(Weekly) Hour of Code
There is a large worldwide initiative from the Computer Science Education Week at the moment to get all ages to experience computer programming; known as Hour of Code, numerous institutions are providing tools, workshops and training to help everyone gain some insight into what is needed to control systems and produce games and other useful software.
We have been teaching coding in dedicated sessions for about eight years now, and the skills of the children have always been superb as a result.
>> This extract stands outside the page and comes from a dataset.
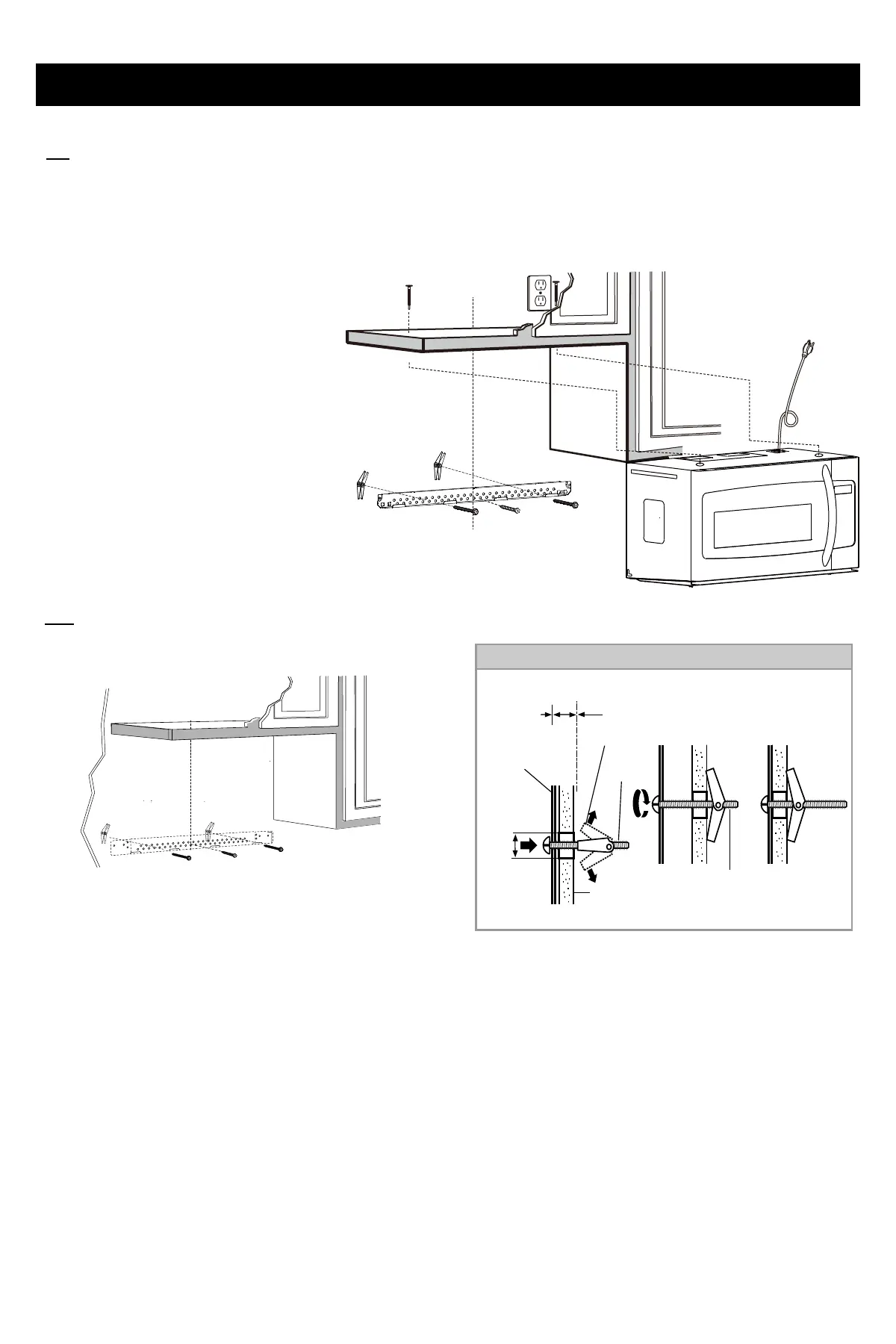 placa de yeso y fije las alas de la palanca a ¾" en cada tornillo mecánico (3/16 "X3").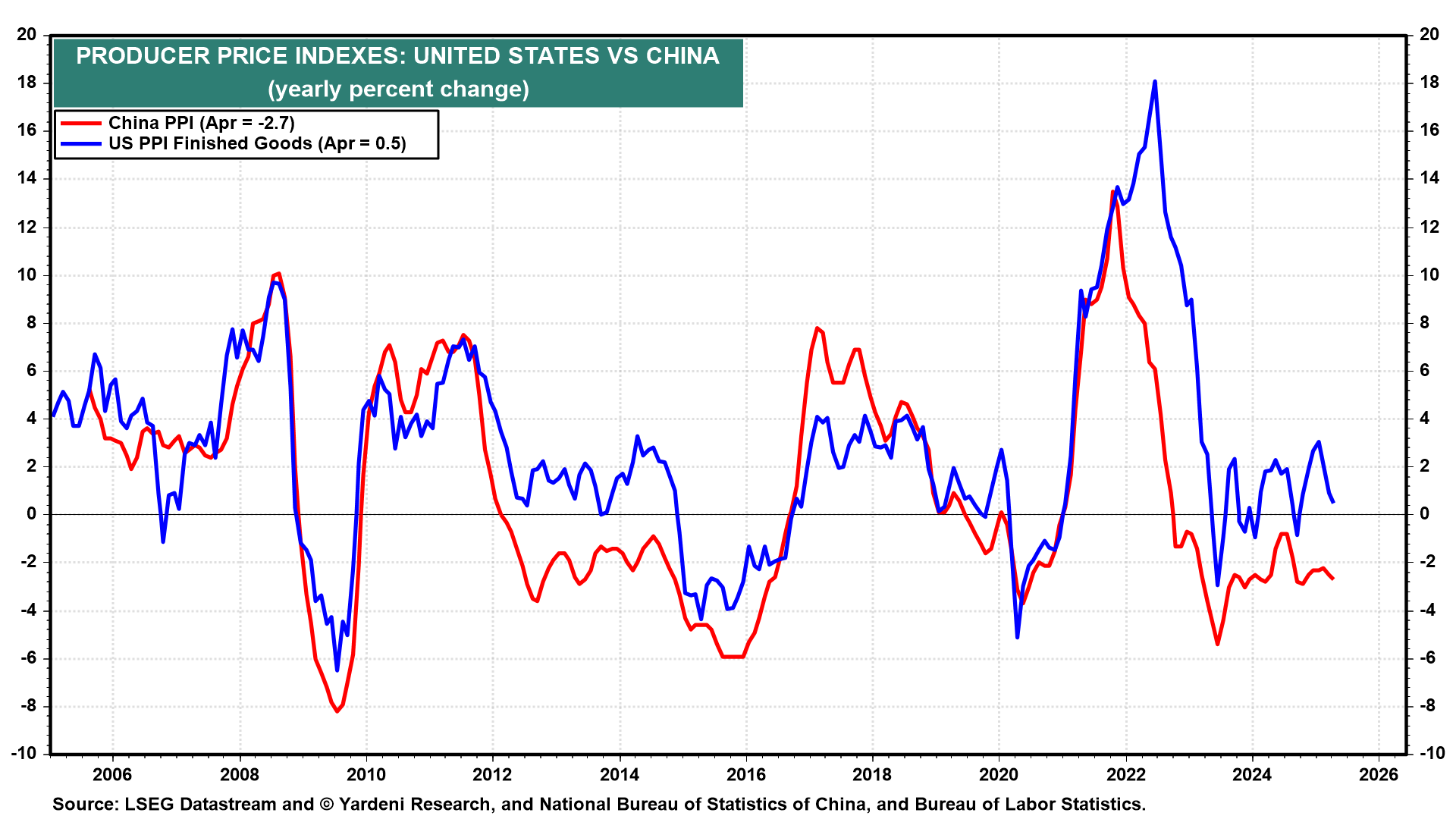 (3) Inflation: PPI. The US Producer Price Index (Thu) for goods has been highly correlated with China's PPI, which fell 2.7% y/y in April. The fact that Asia's biggest economy is grappling with deflation could offset tariff-related price pressures. Since the April drop in China's PPI was the steepest in six months, there's reason to expect its deflation isn't going away anytime soon.

We have used:
- control programming using motors, lights and buzzers with our CoCo control box and virtual systems
- visual block programming with the Lego Mindstorms robots
- visual block coding with Scratch
and in class 3 we are about to start programming in a new environment developed by M.I.T. to produce mobile apps for Android tablets/phones as part of a year-long project in computing.
As interest was high, I have been running coding club since the start of the academic year to a very eager group of programmers. I spent last half-term giving them mini-tasks on code fragments needed to accomplish tasks needed for commonly-featured game elements (scoring, resetting, direction control, event handling, etc) and have since given them an open project to produce their own game. Although I am on standby as a debugger and problem solver, I have been amazed at how little help they have asked for! Their work is coming along really well and demonstrate how much progress they have made in such a short space of time.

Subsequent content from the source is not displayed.